Problem statement: Print each entry as it appears. Images stay out of the copy.

Extracted records:
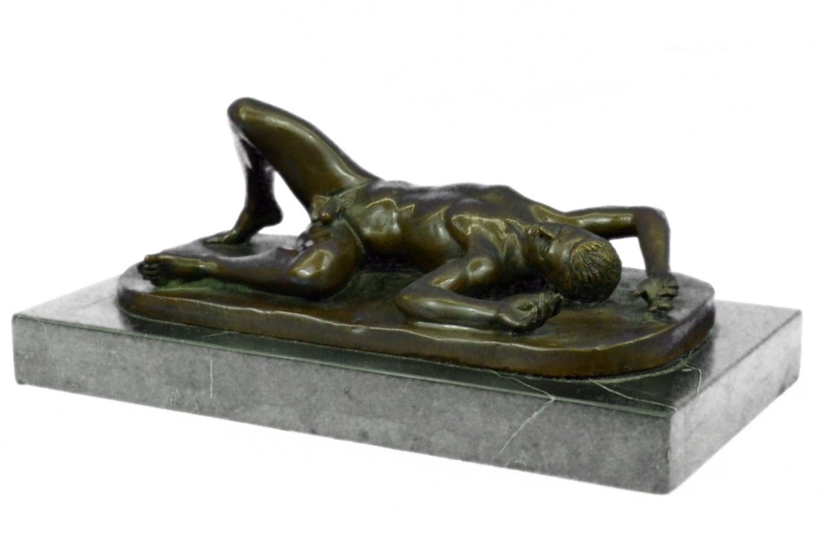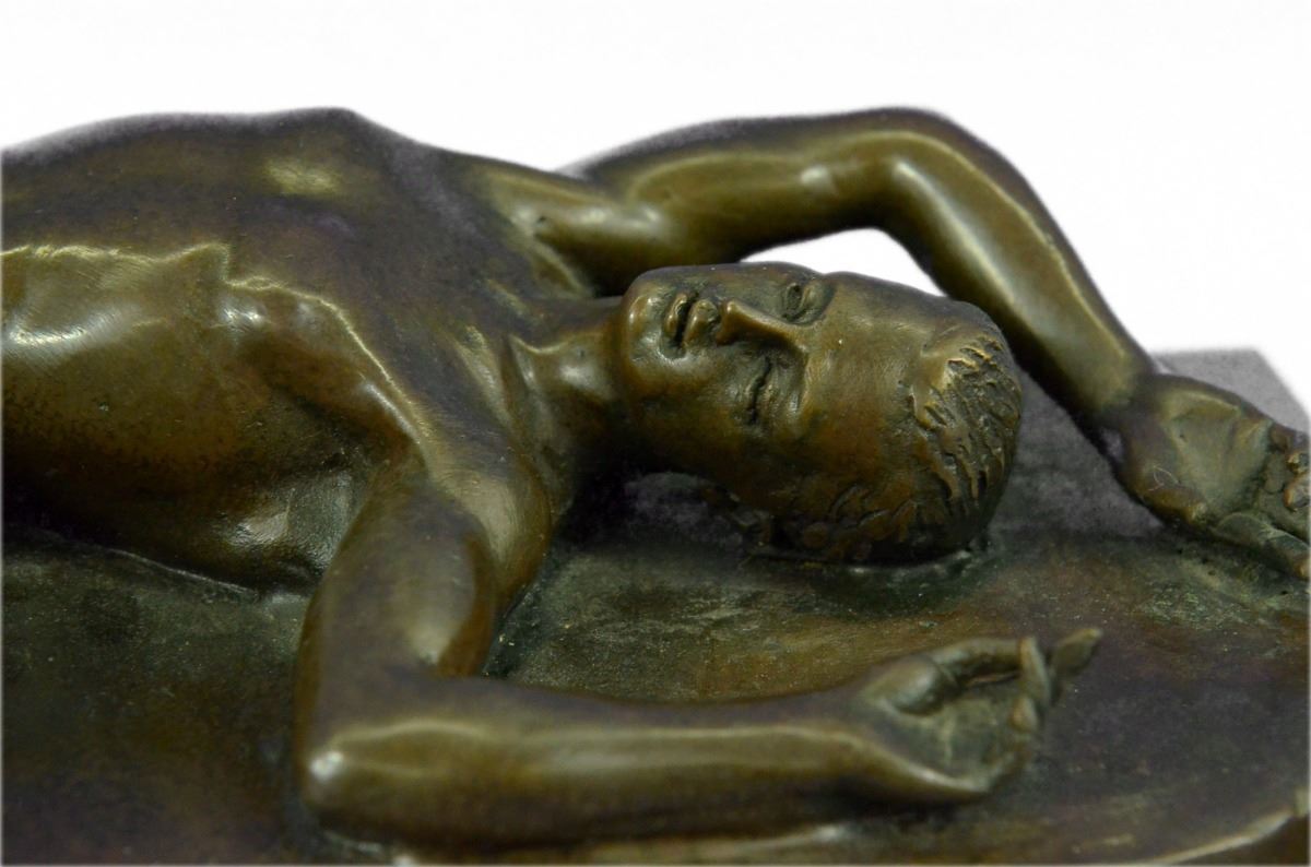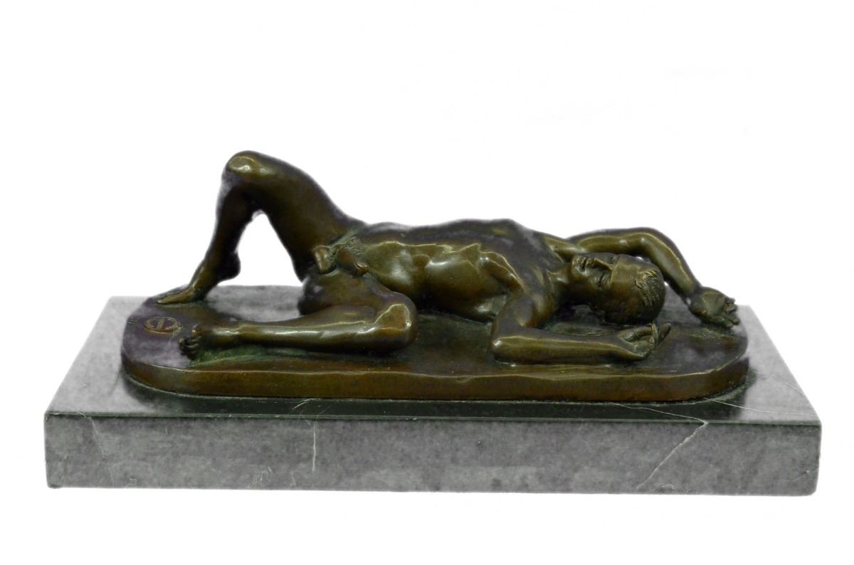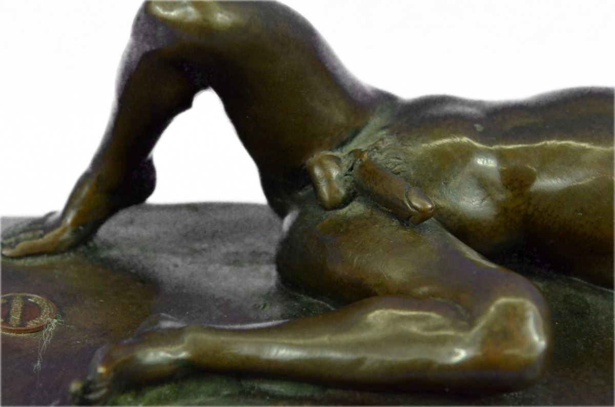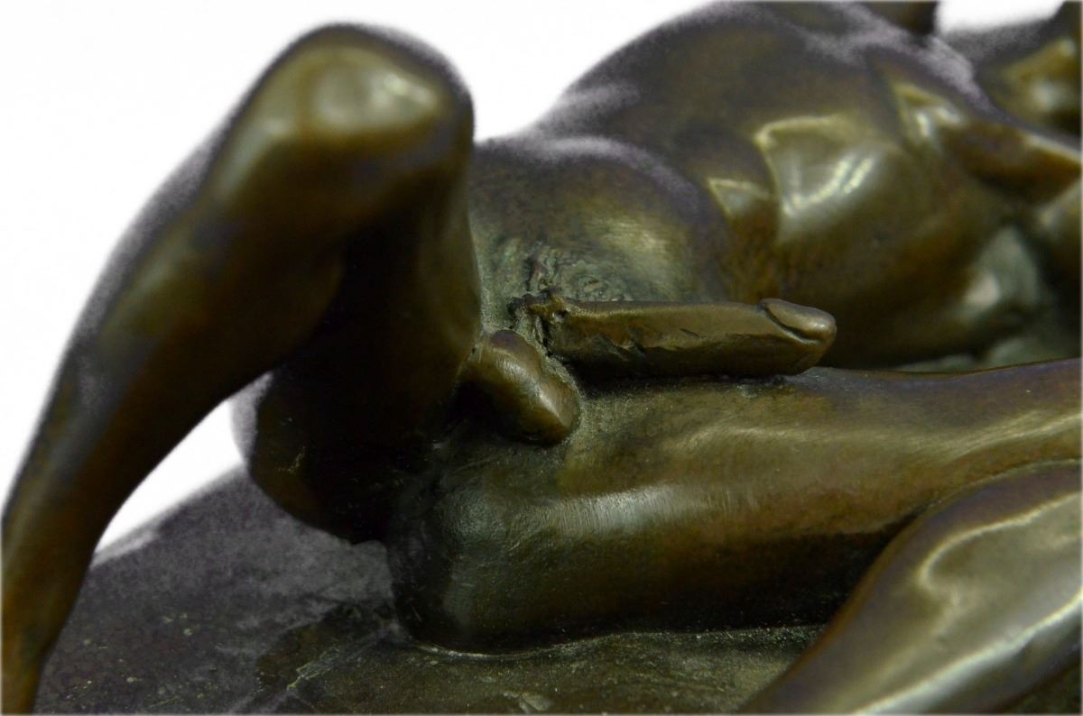 He Lays Casually On The Bed, Exposing His Amazing Body. His Intense Eyes Dare You To Touch Him. This Proud Gay Man Stretches His Muscular Arms Behind His Head And Poses For His Admirers. He Is A Lean And Muscular Model. Take A Gander At His Chiseled Torso And Chest. Please Try Not To Faint. He Would Be Right At At New York'S Chippendale'S And Would Drive All The Guys And Dolls Mad With Desire. There Is Something Sexy But Soft About Him. Seductive But Intimidating. Warm But Burning Hot. He Can Provoke An Assortment Of Emotions In Anyone. Let Him Bring Out Your Erotic Desires. This Confident Stud Was Cast Using The "Lost Wax Method". 100% Handmade Bronze And Carefully Detailed This Is A Priceless Unlimited Edition Piece Of Work And Is Signed By Artist Nick. Mario Nick Is A Very Talented Young Artist Who Works Diligently With Our Foundry. He Was Born In 1974 To A Wholesome Italian Family. He Started Drawing At A Young Age And As The Years Went By He Began Studying Art And Working With Sculpting. He Moved To France To Find A Better Understanding Of Art And Studied There As Well. After France He Moved To Spain And Was Discovered By Our Foundry European Bronze He Has Partnered And Works Exclusively With Our Finery. Bronze Dimensions With Marble Base:Height 5" X Width 11" Marble Dimensions: 11" X 6"Height Without Base: 4" Weight : 14 LBS.
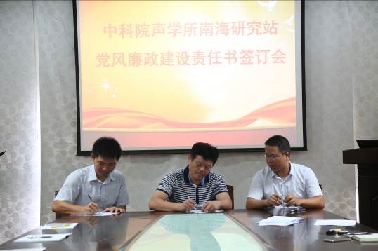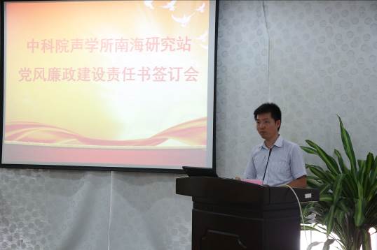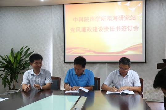 2017年8月7日下午,南海站党委组织召开党风廉政建设责任书签订会。站党政领导班子成员、各部门负责人、各支部书记及海口本部在职党员、预备党员、入党积极分子共计二十余人参加会议,会议由站党委书记张镇迈同志主持。
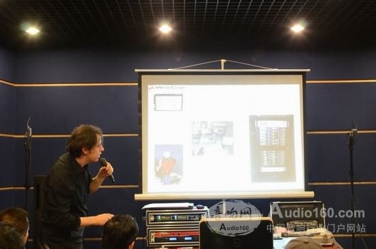 Massimo Polo先生在杭州浙江電視臺審聽室為專家介紹WisyCom產品特點
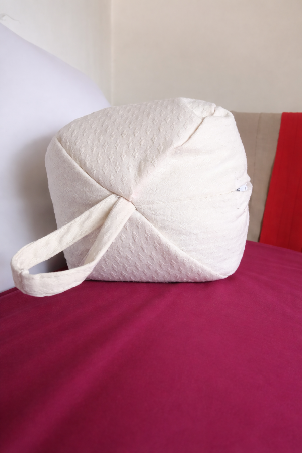 Este almohadón tipo huesito se realiza de la misma forma en que se hacía hace años en nuestra familia, utilizando telas de alta calidad provenientes de una modista profesional que trabajó durante décadas en producción textil para empresas importantes.
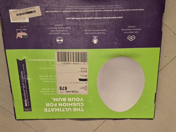 Unused, unopened Purple Royal seat cushion. Comes with the washable cover.
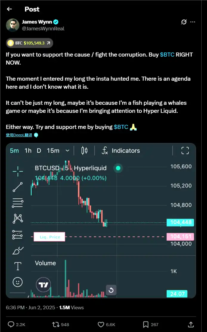 对此,James Wynn 显得有些「上头」,他振臂高呼,「如果你想支持这个事业 / 对抗腐败,现在就买 BTC。我刚一做多,就被瞬间狙击。这里肯定有某种阴谋,我不知道是什么。不可能只是因为我的多单,可能是因为我只是个小鱼在玩大鲸鱼的游戏,或者是因为我引起了大家对 HyperLiquid 的关注。不管怎样,试着通过买 BTC 来支持吧!」
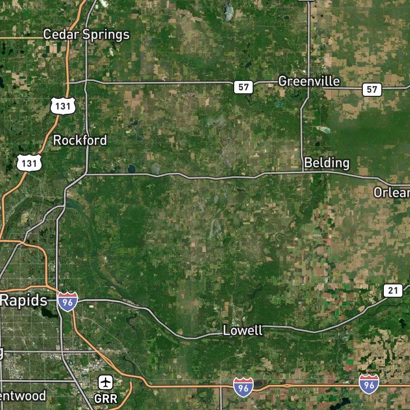 Surrounded by farmland and over two dozen lakes that dot Grattan township, Island Park Murray Lake Area spreads across nearly 10,000 acres of rural Kent County, about 37 minutes northeast of downtown Grand Rapids. Big Crooked Lake sits right at the neighborhood's edge, and the nearest public boat launch at Murray Lake is less than two miles away—enough distance to keep things quiet but close enough that water access defines daily life here. Ranch-style homes with aluminum siding cluster throughout, running around $475K, with Lowell Area Schools serving the area. The nearest grocery is 3.6 miles out, and the one restaurant locally is 2.0 miles down the road, which means this is genuinely countryside living: you're buying space, water views, and the kind of solitude that only works if you're genuinely okay with driving for milk.

Result of the exercise:
 He Lays Casually On The Bed, Exposing His Amazing Body. His Intense Eyes Dare You To Touch Him. This Proud Gay Man Stretches His Muscular Arms Behind His Head And Poses For His Admirers. He Is A Lean And Muscular Model. Take A Gander At His Chiseled Torso And Chest. Please Try Not To Faint. He Would Be Right At At New York'S Chippendale'S And Would Drive All The Guys And Dolls Mad With Desire. There Is Something Sexy But Soft About Him. Seductive But Intimidating. Warm But Burning Hot. He Can Provoke An Assortment Of Emotions In Anyone. Let Him Bring Out Your Erotic Desires. This Confident Stud Was Cast Using The "Lost Wax Method". 100% Handmade Bronze And Carefully Detailed This Is A Priceless Unlimited Edition Piece Of Work And Is Signed By Artist Nick. Mario Nick Is A Very Talented Young Artist Who Works Diligently With Our Foundry. He Was Born In 1974 To A Wholesome Italian Family. He Started Drawing At A Young Age And As The Years Went By He Began Studying Art And Working With Sculpting. He Moved To France To Find A Better Understanding Of Art And Studied There As Well. After France He Moved To Spain And Was Discovered By Our Foundry European Bronze He Has Partnered And Works Exclusively With Our Finery. Bronze Dimensions With Marble Base:Height 5" X Width 11" Marble Dimensions: 11" X 6"Height Without Base: 4" Weight : 14 LBS.
 2017年8月7日下午,南海站党委组织召开党风廉政建设责任书签订会。站党政领导班子成员、各部门负责人、各支部书记及海口本部在职党员、预备党员、入党积极分子共计二十余人参加会议,会议由站党委书记张镇迈同志主持。
 Massimo Polo先生在杭州浙江電視臺審聽室為專家介紹WisyCom產品特點
 Este almohadón tipo huesito se realiza de la misma forma en que se hacía hace años en nuestra familia, utilizando telas de alta calidad provenientes de una modista profesional que trabajó durante décadas en producción textil para empresas importantes.
 Unused, unopened Purple Royal seat cushion. Comes with the washable cover.
 对此,James Wynn 显得有些「上头」,他振臂高呼,「如果你想支持这个事业 / 对抗腐败,现在就买 BTC。我刚一做多,就被瞬间狙击。这里肯定有某种阴谋,我不知道是什么。不可能只是因为我的多单,可能是因为我只是个小鱼在玩大鲸鱼的游戏,或者是因为我引起了大家对 HyperLiquid 的关注。不管怎样,试着通过买 BTC 来支持吧!」
 Surrounded by farmland and over two dozen lakes that dot Grattan township, Island Park Murray Lake Area spreads across nearly 10,000 acres of rural Kent County, about 37 minutes northeast of downtown Grand Rapids. Big Crooked Lake sits right at the neighborhood's edge, and the nearest public boat launch at Murray Lake is less than two miles away—enough distance to keep things quiet but close enough that water access defines daily life here. Ranch-style homes with aluminum siding cluster throughout, running around $475K, with Lowell Area Schools serving the area. The nearest grocery is 3.6 miles out, and the one restaurant locally is 2.0 miles down the road, which means this is genuinely countryside living: you're buying space, water views, and the kind of solitude that only works if you're genuinely okay with driving for milk.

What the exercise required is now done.